Einst eine mächtige graue Eminenz in den Wiener Machtkorridoren – von Kritikern als „geheimer Justizminister“ bezeichnet – war Pilnacek durch die Ermittlungen ins Blickfeld der Öffentlichkeit gerückt. Nachrichten von seinen im Rahmen der Ermittlungen beschlagnahmten Telefonen gelangten an die Öffentlichkeit und zeichneten ein grelles Bild seiner politischen Machenschaften und seiner Loyalität gegenüber der ÖVP.

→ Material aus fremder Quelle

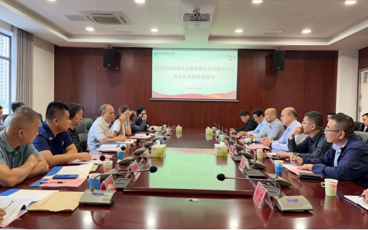 校党委书记杨念代表学校欢迎专家组来校检查和指导工作,并对学校情况进行了简要介绍。专家组带队组长金世雄介绍了本次检查行动的主要内容和相关流程安排,随后,专家组成员在相关部门联络员陪同下,深入校园,分别就特种设备安全、燃气安全、消防安全、建筑安全、交通安全、食品安全、实验室安全、安全教育及双重预防体系建设等专项工作开展实地走访和检查,并详细查看了相关制度建设和管理台账情况。
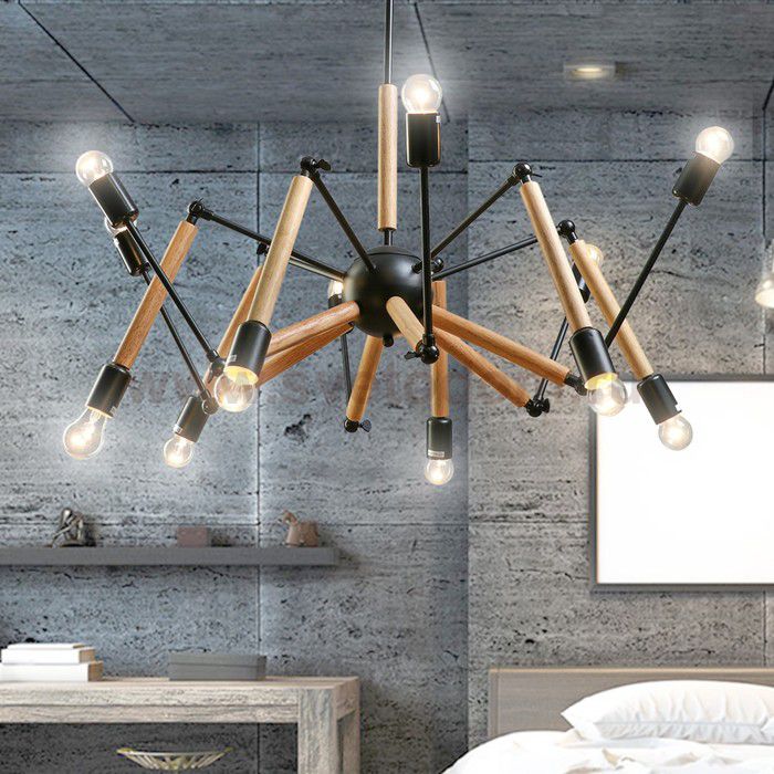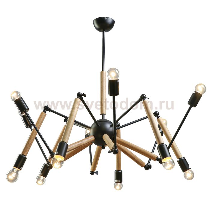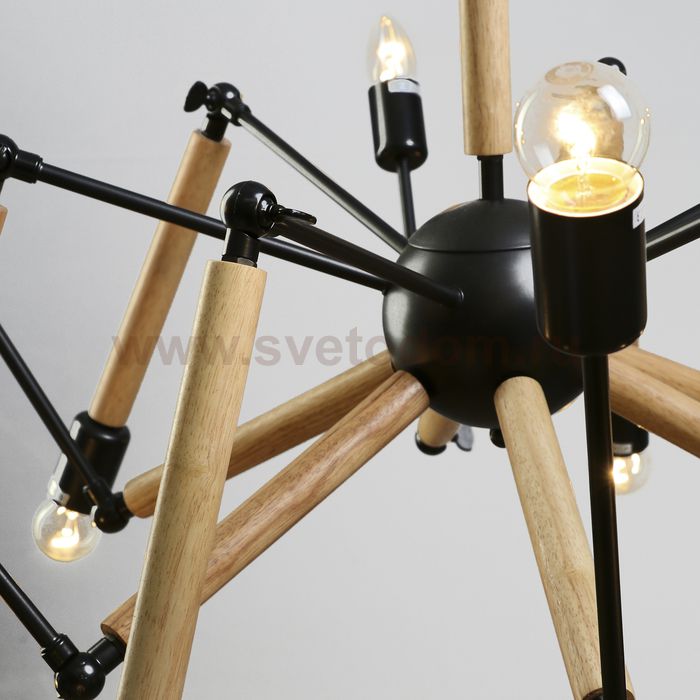 Люстра «Краб-дерево» выполнена в стиле loft. Большое количество ламп позволяет осветить комнату площадью до 30 м?. Возможная регулировка угла наклона рожков в средней части. Дерево пропитано маслом и покрыто лаком. Нет регулировки по высоте. |
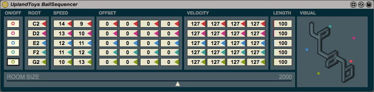 BallSequencer is a sequencer based around the idea of MIDI messages being generated by balls moving around inside a rectangular area. Notes are triggered whenever a ball collides with the boundary of the rectangle. You can set parameters that will control the movement of each ball, in addition to possible note and velocity values depending on which wall is hit. All parameters have a brief explanation which can be viewed by opening the live help window and hovering over the parameters. |

Kurz steht derzeit in Wien vor Gericht wegen Irreführung einer gesonderten parlamentarischen Sonderuntersuchung zu Korruption. Am Samstag lobte er Pilnacek als einen beispiellosen Juristen, der seinem Land mit Auszeichnung gedient habe.
„Obwohl wir in Österreich gerne stolz darauf sind, ein entwickelter Rechtsstaat zu sein, der die Menschenrechte achtet, werden manche behandelt, als lebten wir noch im Mittelalter, wo Menschen an den Pranger gestellt und öffentlich gedemütigt werden“, sagte Kurz.
Auch andere ehemalige Spitzenbeamte sind in den Korruptionsskandal verwickelt. Thomas Schmid, ein ehemaliger Beamter des Finanzministeriums und Chef des österreichischen Staatsfonds ÖBAG, wurde 2021 aus dem Amt gedrängt. Letztes Jahr erklärte sich Schmid bereit, als Kronzeuge in den Ermittlungen aufzutreten.